- Promotional image
- Also known as: Candle in the Tomb: The Weasel Grave
- Genre: Adventure Action Period
- Based on: Ghost Blows Out the Light by Zhang Muye
- Written by: Feng Ji Xu Su
- Directed by: Guan Hu
- Starring: Ethan Juan Xu Lu Hao Hao Liu Chao
- Country of origin: China
- Original language: Mandarin
- No. of episodes: 20

Production
- Executive producer: Zhu Wenjiu
- Production location: China
- Running time: 35 minutes
- Production companies: Yao Media Penguin Film Industry The 7th Impression

Original release
- Network: Tencent Video
- Release: 21 July 2017

= The Weasel Grave =

The Weasel Grave (鬼吹灯之黄皮子坟) is a 2017 Chinese web series adapted from the second book of the novel series Ghost Blows Out the Light directed by acclaimed director Guan Hu. It stars Ethan Juan, Xu Lu, Hao Hao and Liu Chao. The timeline of story marked it as a prequel to the other adaptations.

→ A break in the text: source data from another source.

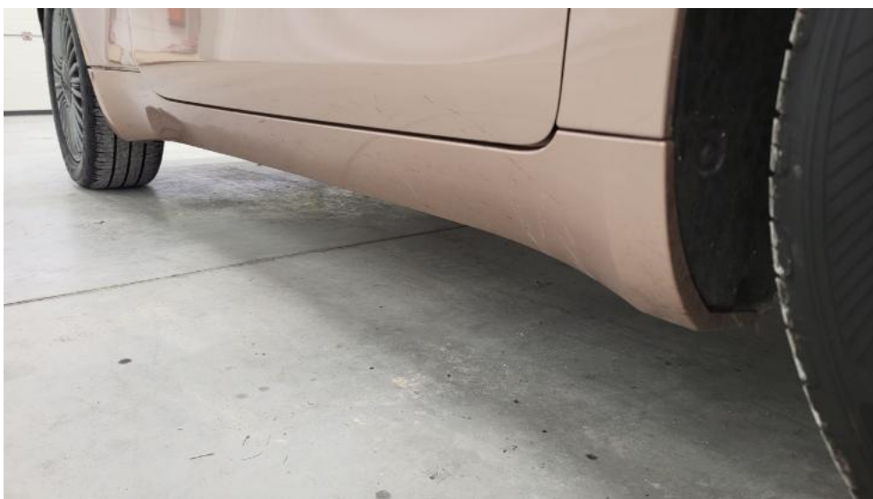
Fot. 12. Próg prawy (widok od przodu)
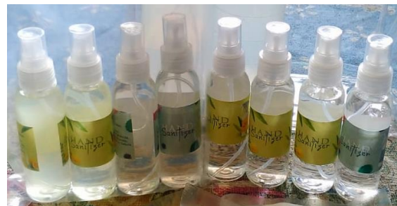
Gambar 5. Produk Hand Sanitizer Hasil PkM

sanitizer berbahan alami. Warna, tekstur, dan aroma hand sanitizer yang dihasilkan sedikit berbeda karena pemilihan pewangi yang digunakan. Hand sanitizer terstandar yang diperoleh tidak berwarna dan tidak lengket di tangan sedangkan hand sanitizer berbahan alami agak keruh karena pengaruh warna kulit lemon yang digunakan namun memiliki aroma yang menyegarkan. Salah satu upaya untuk memperbaiki warna hand sanitizer yang diperoleh adalah dengan menggunakan kulit lemon segar dan perendaman dilakukan tepat sebelum pembuatan produk. Produk hand sanitizer yang dihasilkan dapat dilihat pada Gambar 5.
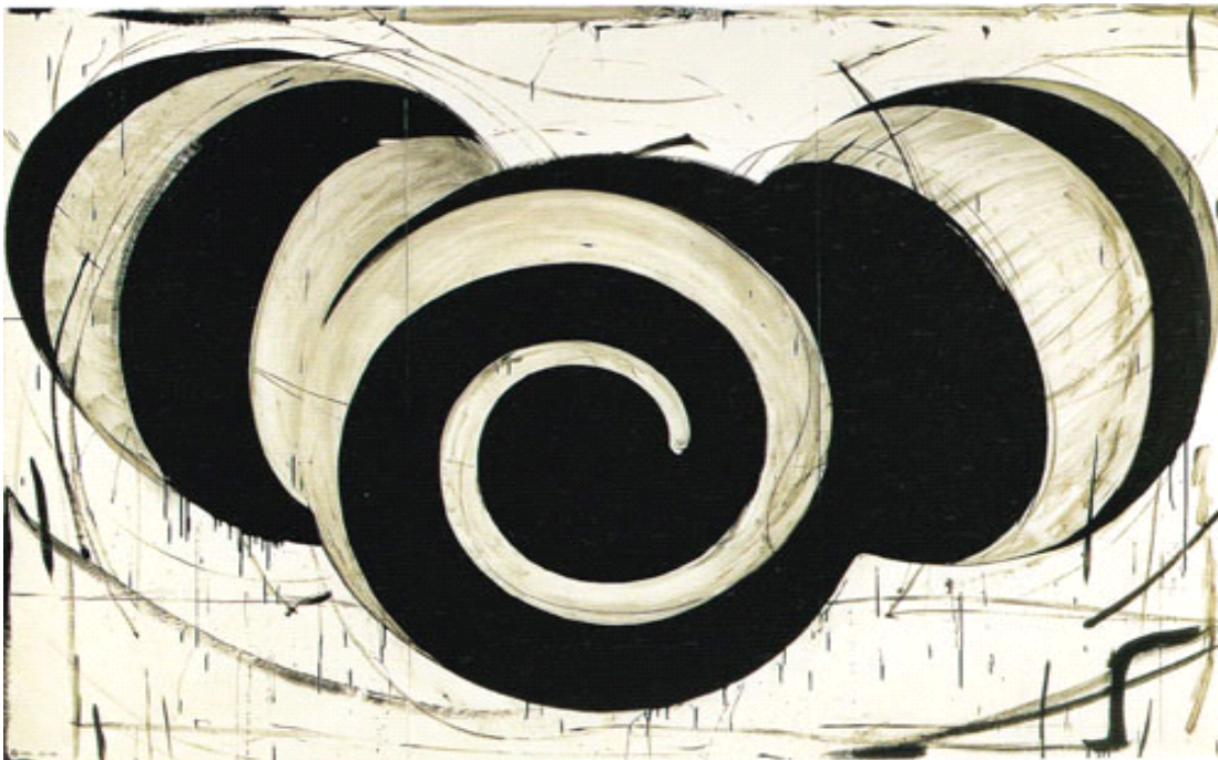
吉澤美香「にー24」1991, A B S樹脂、シルクスクリーンインク 200×300cm

The series airs Fridays at 20:00 (CST) on Tencent Video starting 21 July 2017.

==Synopsis==
In the 1980s, when middle-aged Hu Bayi packs his belongings for one of his adventures, he finds an old photo, which brings his memory back to his college days in the 1960s. He then reminiscences about his first adventure that led him to become a tomb-expert.

==Cast==
- Ethan Juan as Hu Bayi
- Xu Lu as Hua Mei
- Hao Hao as Ding Sitian
- Ryan Liu Chao as Wang Kaixuan
- Li Yujie as Yan Zi
- Zhang Jinan as White Dog

==Production==
- The series is Ethan Juan's return to small screen after 8 years.
- Ethan Juan and Xu Lu previously worked together on the variety show Date ! Super Star (約吧！大明星) in the same year.
- Filming began early October and finished in mid December 2016.
- The first trailer and poster were released on July 4, 2017.
- The series has surpassed 1 billion views in just 2 weeks of airing. In 5 weeks, it has surpassed 2 billion views.